Most colds are mild, and most cat respiratory infections clear with home care plus time. The cases that need help share a theme: breathing trouble, dehydration, high fever, or symptoms that don’t let up.

For People

  • Breathing is hard, chest pain shows up, or lips look bluish.
  • Fever is high or lasts more than three days.
  • You were bitten or scratched and the area is red, hot, swollen, or painful.
  • You have a condition or medication that weakens immunity and symptoms are worsening.

For Cats

  • Open-mouth breathing, fast breathing, or obvious effort to breathe.
  • Not eating for 24 hours, or not drinking.
  • Thick yellow or green discharge with marked lethargy.
  • Kittens, seniors, or cats with chronic disease that seem “off.”

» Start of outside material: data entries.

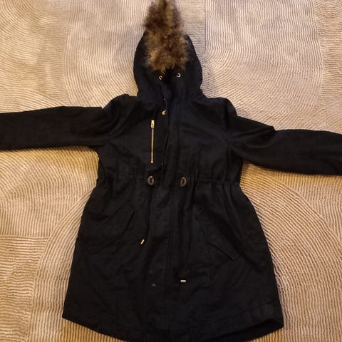 - Takki on hyvässä kunnossa muuten, mutta oikeassa hihassa hihansuussa on pieni reikä, joka näkyy viimeisessä kuvassa. Olen ostanut takin käytettynä ja reikä oli siinä jo silloin eikä ole suurentunut minun käytössä eli ei ehkä tuosta suurene kovin helposti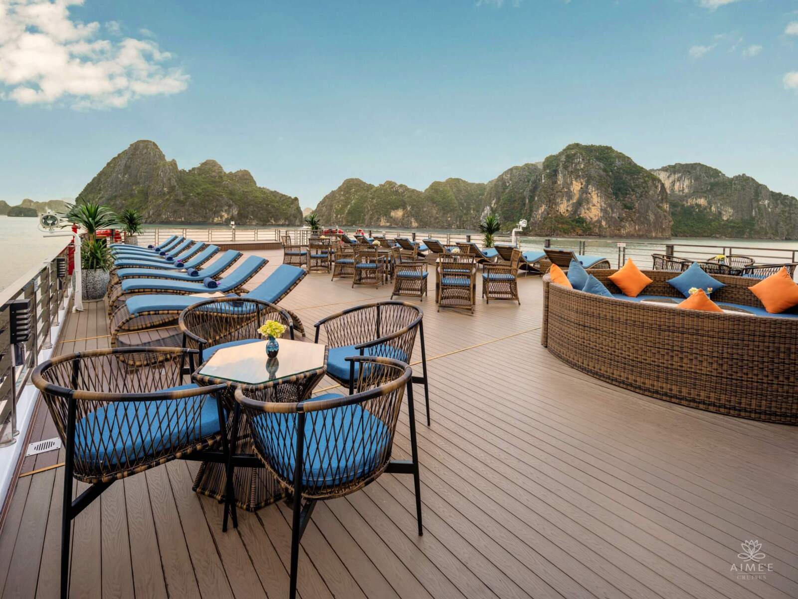 The Sundeck is the crown jewel of Aime’e Cruises, offering the most breathtaking panoramic views of Halong Bay. Perched at the very top of the vessel, it is the perfect spot to soak up the sun, admire sunrise or sunset, and feel the refreshing sea breeze while surrounded by the bay’s emerald waters and limestone cliffs.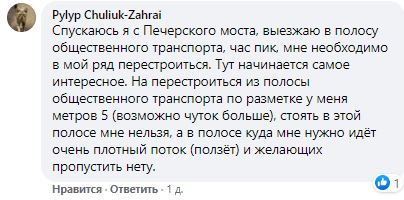 "Так как раз на этом участке камера и находится за 10 метров до прерывистой полосы въезда на полосу ОТ, а эта прерывистая находится практически перед поворотом на Печерский мост. Там, наоборот, нужно убрать полосу ОТ на этом участке примерно 100 метров от съезда до заезда на серпантин. Так что ничего вы не врахували, а просто решили срубить штрафов, да побольше".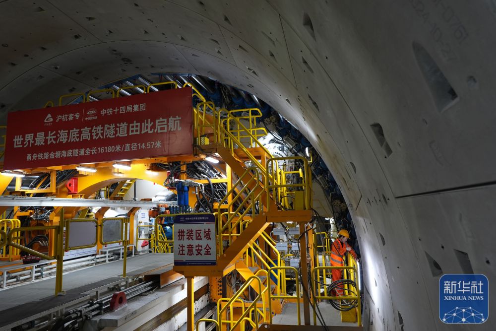 甬舟鐵路金塘海底隧道西起浙江寧波市北侖區(qū),東至舟山市金塘鎮(zhèn),全長16.18公里,是世界最長海底高鐵隧道。

Practical Takeaways For Today

If you came here worried that you can catch your cat’s cold, you can relax. The usual feline sniffles are built for cats, not for you. Your real risk is catching a human cold from another person while your cat happens to be sick too.

Treat any bite or scratch as a real exposure, and treat persistent cough in high-risk people as a reason to call a clinician. Keep your hands clean during cat care, keep sick cats away from other cats, and skip harsh products on your pet’s coat.

Do those few things and you cover the bases without turning your home into a sterile lab.